If you need to engage in a contract or pay some bills or whatever, you really care which tool you can use to get the money or the contract to the right counterparties — you’re going to care about the user experience, what it lets you do, and how normal and easy it is to do it. And I think you’re going to care about the asset. Even though you don’t care about the blockchain, whether it’s on Ethereum, Zcash, Bitcoin, Avalanche, or Solana, you’ve never heard of those, you don’t care, and you don’t want to care anymore than you care about AWS-US-East-1 versus Google Cloud Center 2, or whatever… But you really care about the difference between ETH, BTC, and ZEC — those are your financial investments, and may also signal your affiliation, or how you feel, like you’re part of a group with your friends, or a political movement, or at least your financial investment for your long-term, or whatever.
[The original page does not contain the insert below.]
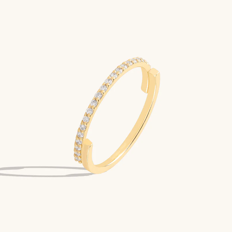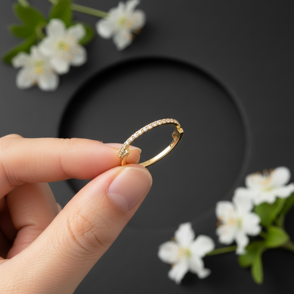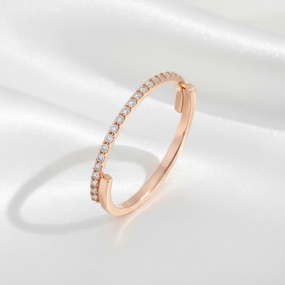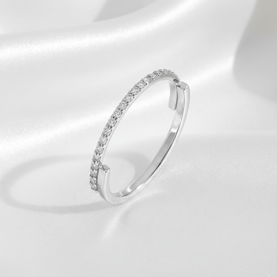 แหวนแต่งงานครึ่งวงประดับเพชรคิวบิกเซอร์โคเนียหรูหรา เงินแท้ 925 แบบซ้อนได้ สำหรับงานหมั้นและวันครบรอบ
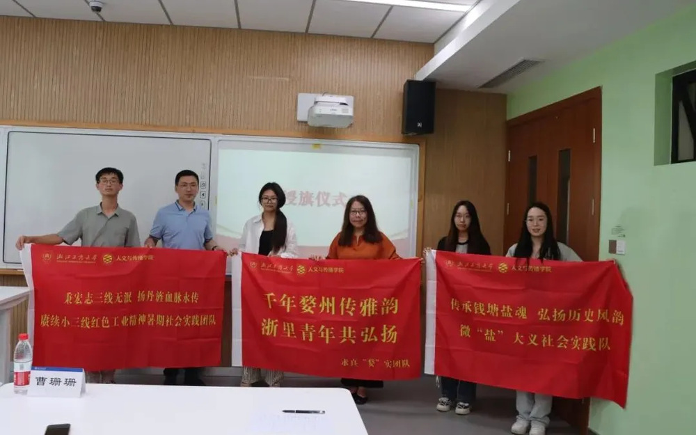 学院党委副书记张捷、学校团委副书记高仓健、学校团委副书记(兼职)曹珊珊为各实践团队负责人授旗。

So that’s my… hypothesis. I want to know what you think? Once we have actual usable mainstream apps, then people are not going to know or care what blockchain [they] use. But they’re going to care about who uses it, how usable it is, and what assets they have in it.
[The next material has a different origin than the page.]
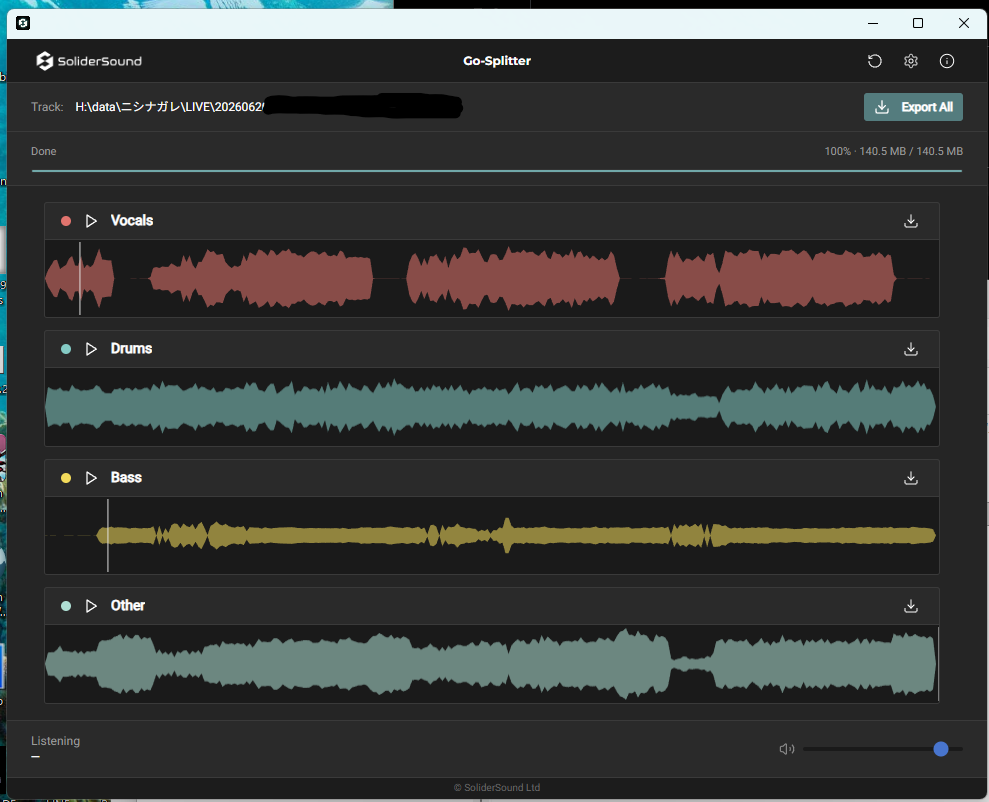 試しに、課題曲を分離。ギターはOtherに入っておりました。良い感じ。各stemを個別に保存もできるし、まとめて保存することも可能です。
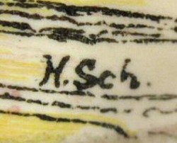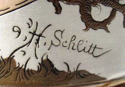 Painted mark on Villeroy & Boch - Mettlach #1909/1058, dated 1899 .

CR: So, is your theory or vision that when this happens and people want to either message each other in an encrypted way or send each other transactions that are private, then they’ll choose Zcash or ZEC?
ZW: Yeah, there’s at least a really good probability of that because ZEC currently works for that. Like, I sent you an encrypted ZEC transaction before we started this call, if you check your ZEC wallet, you’ll see like about a thousandth or a hundredth of a ZEC in there, along with an encrypted note [where] both the money and the note are visible only on your phone and my phone, and no other person or device anywhere in the world has any knowledge… The rest of the world has zero knowledge about that transaction.
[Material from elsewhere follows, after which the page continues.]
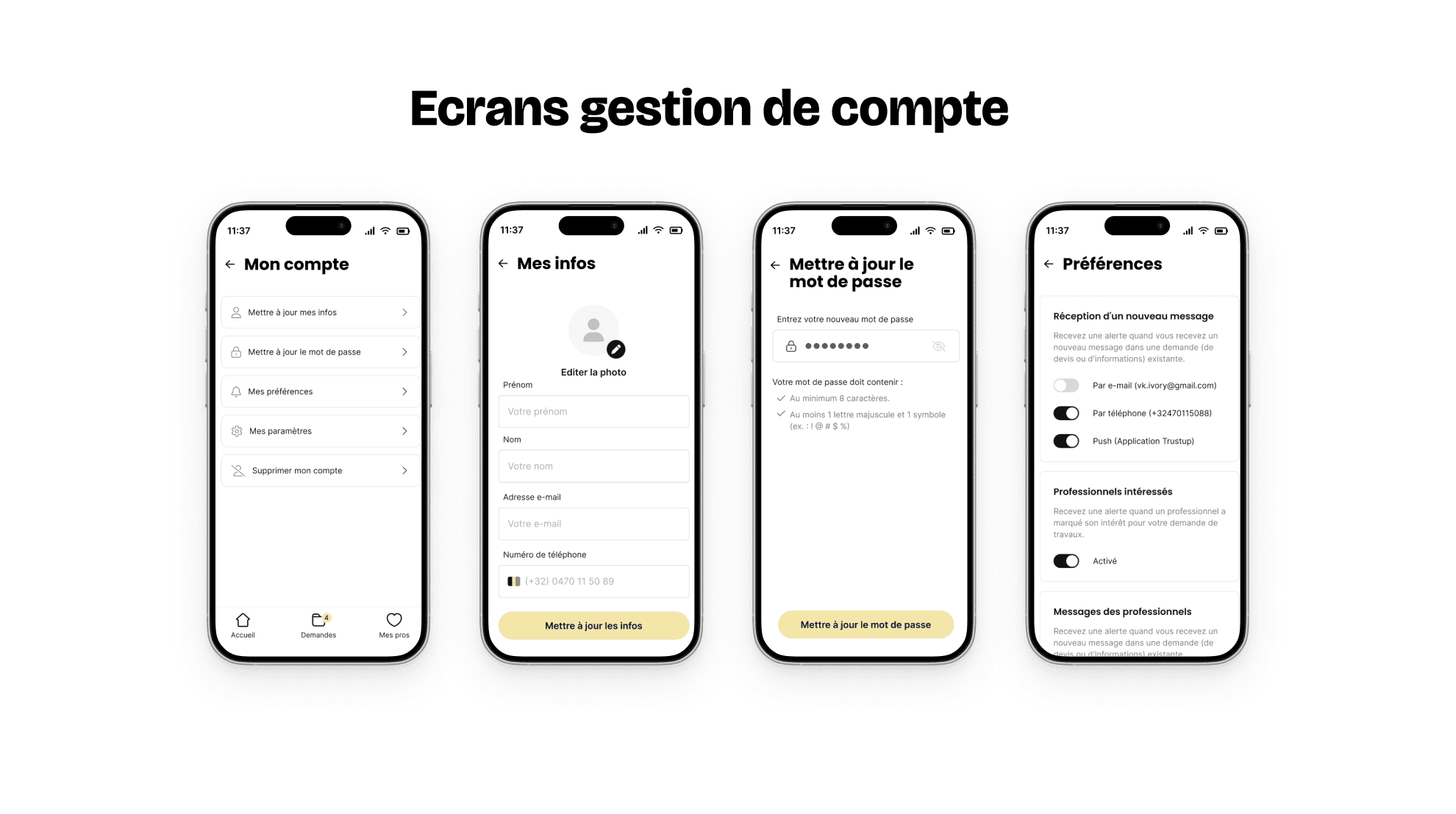 La mise en place de l'habillage graphique et la déclinaisons des différents écrans se font suivre par les testings de prototypes qui peuvent être réalisés pour avoir les premières impressions des utilisateurs avant le lancement en production.

CR: So that means that somebody could go to the Zcash explorer and look at that transaction and not see what’s in it?
ZW: Yeah, you should definitely do this. Look at that transaction on your phone. Are you doing it right now?
CR: Okay, I have my Zcash wallet, and then what? I’ve never used this before. Do I go to history? Oh, messages. Oh, okay. I see that.
ZW: Alright, you got a transaction. If you touch it, does it show you the amount and the note?
CR: Okay, the note says ‘thank you for including me in your podcast, Zooko.’
ZW: That’s right, that’s the one I sent. Now, you can probably get the TX ID?… So cut and paste the transaction ID. Open a block Explorer — I would recommend Blockchair.com…
CR: Okay, I’ve just copied the transaction ID. Okay, it’s taking a little bit to connect to Blockchair.com…. Okay, there we go, it loaded up. Pasted.
ZW: Okay, so now you can see everything that the public can see… on the blockchain… — the Zcash miners, all the block explorers, Chain analysis, and everyone else in the world. But what’s interesting is what they can’t see. So if you scroll down, it’ll say…
CR: ‘Shielded’.
ZW: Yeah, it says ‘sender: shielded’, and that means there’s zero knowledge about which address, wallet, or person sent that transaction. Then it says ‘receiver: shielded’. There is zero knowledge on the blockchain about your wallet, your address, or anything else you’ve ever previously done, and there is zero knowledge about the amount you received.
CR: Well, it does say transferred ‘from: shieldedpool’ and it says the amount, it says 0.001 ZEC.
ZW: Well, that’s the fee that I paid to the miners.
CR: Okay, so it says ‘transferred from pool’ that amount. And then it says transaction fee. And then it says ‘sender: shielded’ and ‘recipient: shielded’.
ZW: …Hold on, I’m looking up how much I sent you. The amount that I sent you is encrypted. The amount sent is end-to-end encrypted.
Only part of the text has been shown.